シップス社長「消費不振は構造的問題」

2016/12/12 14:49 更新


 セレクトショップの草分け的存在であるシップス。上期(3~8月)は微増収微増益で折り返したが、今春以降の店頭の状況は決して良くないという。この間のファッション消費の停滞は、売り手側の提案力不足ばかりではなく、構造的な問題が大きいとの見方を示す。


(柏木均之)

 

 ファッション消費の悪さは昨年末から続いていることですが、セレクトショップに限らず業界全般に売れていない。理由は単純で、景気が良くなっているという実感があまりにも乏しいからではないでしょうか。店頭で見ていても、お客様は少しでも安いものを買いたいと商品をあちこち見て回っている。

 使えるお金が限られているから、お客様も財布のひもが固くなっていて、セールでも買わない。SC全体への来館客数が仮に減っていないにしても、そこへ入居する服屋への客数だけで見ると、コアな客以外の一般客は減っているというのが各社に共通した現象だと思います。

 当たり前に商品が売れない時期なので、各社ともいろんな打開策を講じています。当社も8月はセール後の秋物の立ち上がりを例年より早くしたのですが、今年に限ってあまり効果はありませんでした。要因ははっきりしていて、全店で同じ施策を打ったからです。

 今のお客様はニーズが多様化しており、同じシップスでも、出店立地によって客層も違い、買い上げ商品も微妙に異なります。

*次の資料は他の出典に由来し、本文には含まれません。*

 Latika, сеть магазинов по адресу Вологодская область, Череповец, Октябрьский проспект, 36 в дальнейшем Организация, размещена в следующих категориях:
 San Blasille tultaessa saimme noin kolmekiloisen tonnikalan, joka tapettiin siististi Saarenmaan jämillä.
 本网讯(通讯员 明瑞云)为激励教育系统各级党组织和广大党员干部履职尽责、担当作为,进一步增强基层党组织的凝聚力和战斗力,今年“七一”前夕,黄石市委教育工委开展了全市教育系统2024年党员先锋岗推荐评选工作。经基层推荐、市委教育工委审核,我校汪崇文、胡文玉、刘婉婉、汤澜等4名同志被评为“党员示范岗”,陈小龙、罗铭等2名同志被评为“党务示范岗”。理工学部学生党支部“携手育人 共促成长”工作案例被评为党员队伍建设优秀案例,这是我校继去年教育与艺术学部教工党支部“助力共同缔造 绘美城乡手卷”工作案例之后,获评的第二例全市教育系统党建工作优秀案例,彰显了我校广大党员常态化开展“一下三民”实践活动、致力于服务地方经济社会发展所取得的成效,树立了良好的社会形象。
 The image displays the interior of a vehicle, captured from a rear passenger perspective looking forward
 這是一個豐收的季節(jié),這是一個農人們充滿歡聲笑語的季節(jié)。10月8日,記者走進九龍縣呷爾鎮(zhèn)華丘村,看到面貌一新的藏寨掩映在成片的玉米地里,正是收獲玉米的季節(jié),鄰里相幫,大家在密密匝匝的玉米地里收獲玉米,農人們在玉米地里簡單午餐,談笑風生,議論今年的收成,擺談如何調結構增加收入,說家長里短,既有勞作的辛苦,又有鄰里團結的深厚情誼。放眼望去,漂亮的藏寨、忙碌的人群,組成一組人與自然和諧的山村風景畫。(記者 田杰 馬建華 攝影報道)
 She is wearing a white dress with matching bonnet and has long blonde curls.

 来年以降になりますが、このことを踏まえ、今後は店のある場所ごとの売れ筋や売れるタイミングの違いを見極めて、品揃えを1店ずつ変えていこうと考えています。

 

 目先の悪さは構造不況ですが、それを乗り切るには、自社のお客様に対する誠実さが大事だと思っています。価格を引き下げて需要を喚起するよりは、今の価格はそのままで付加価値の高い感度のある商品を、仕入れでもオリジナルでも提供すること。値下げしてユニクロさんに勝てるセレクトなどない。

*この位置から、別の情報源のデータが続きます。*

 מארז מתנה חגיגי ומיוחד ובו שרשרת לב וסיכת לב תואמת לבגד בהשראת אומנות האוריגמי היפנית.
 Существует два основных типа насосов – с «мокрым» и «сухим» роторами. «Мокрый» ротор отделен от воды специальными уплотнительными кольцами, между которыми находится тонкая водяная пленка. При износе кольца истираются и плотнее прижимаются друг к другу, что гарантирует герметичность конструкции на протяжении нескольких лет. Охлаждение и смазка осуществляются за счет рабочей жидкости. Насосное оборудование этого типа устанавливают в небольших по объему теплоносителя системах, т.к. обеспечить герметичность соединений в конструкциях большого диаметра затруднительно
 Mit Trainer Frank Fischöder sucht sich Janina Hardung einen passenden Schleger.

 当社もネット販売を行っており、そちらを通じて伝える工夫も並行して実施しています。店で見てネットで買うケースが増えても、当社のような業態は実店舗でお客様に知ってもらうことが買い上げにつながると考えます。

 ネット主力の業者さんもショールーム機能を持った実店舗を出していますが、実際に商品に触れないと買えない人が多いのが服です。それと、従業員の活気が感じられない店にはお客は来ないもの。店で働く社員には、お客様があってもなくても、ディスプレーを毎日変えるとか、何かしら常に動いて、入店したくなる店作りを工夫するよう、呼びかけています。